In response, ViewSonic has set up Monitor Victims to provide a range of self-help ergonomic tools and educational resources and call on employers and individuals to heed the warning signs.

Alarmingly, it is the youngest office workers that are most at risk.16-24-year-olds who work the longest screen hours are least likely to be scheduling appropriate breaks. They are one-and-a- half times more likely to suffer headaches (76%) than those aged over 55 (48%). Good equipment has an important part to play as well. Users of CRT monitors were found to be twice as likely to have frequent headaches than users of widescreen LCDs.
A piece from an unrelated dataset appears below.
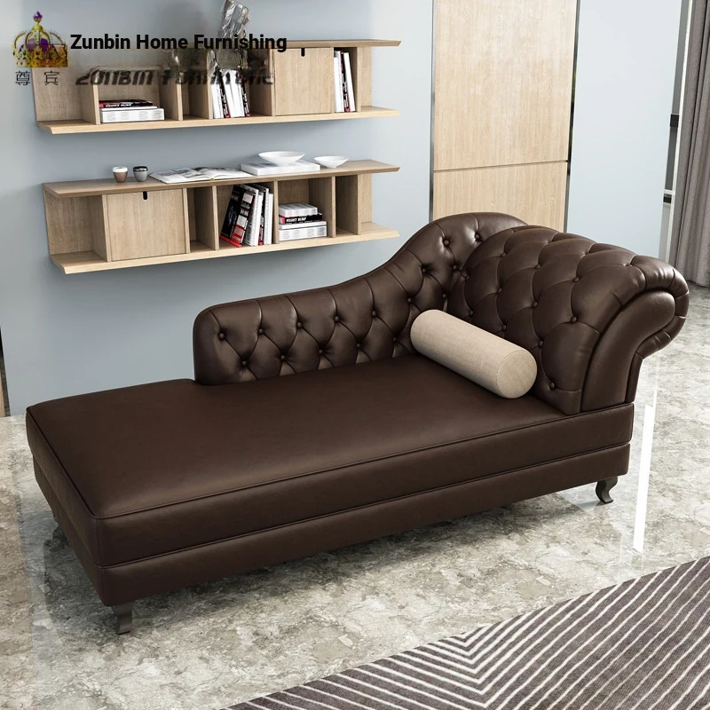 European Style Genuine Leather Chaise Lounge - Stylish Single Recliner Sofa Bed for Small Spaces, Perfect for Bedrooms and Lazy Days, American Style Daybed

Indeed, 42% of widescreen users say they never get a headache.

There may be trouble ahead for employers who do not promote good ergonomics practice; 55% of young employees (16-24-year-olds) report that excessive workloads or peer/management pressure prevents them from scheduling more frequent breaks and are consequently developing poor work habits. Almost half of workers (47%) say they've been offered no advice on the best desktop layout or ergonomics best practice in the last 12 months. More than two thirds (69%) say they would consider future legal action if they should develop a long-term illness or disability induced by their office environment.

Mel Taylor told us "not only are employers ignoring the clear productivity benefits of better IT equipment and ergonomics, they are also ignoring their duty of care responsibility and may be opening themselves up to serious legal liabilities in the future. We urge both employers and employees to change this casual attitude to ergonomics - companies can do a lot more to instil better working practices but armed with even a little more knowledge, employees can look after themselves a lot more effectively too."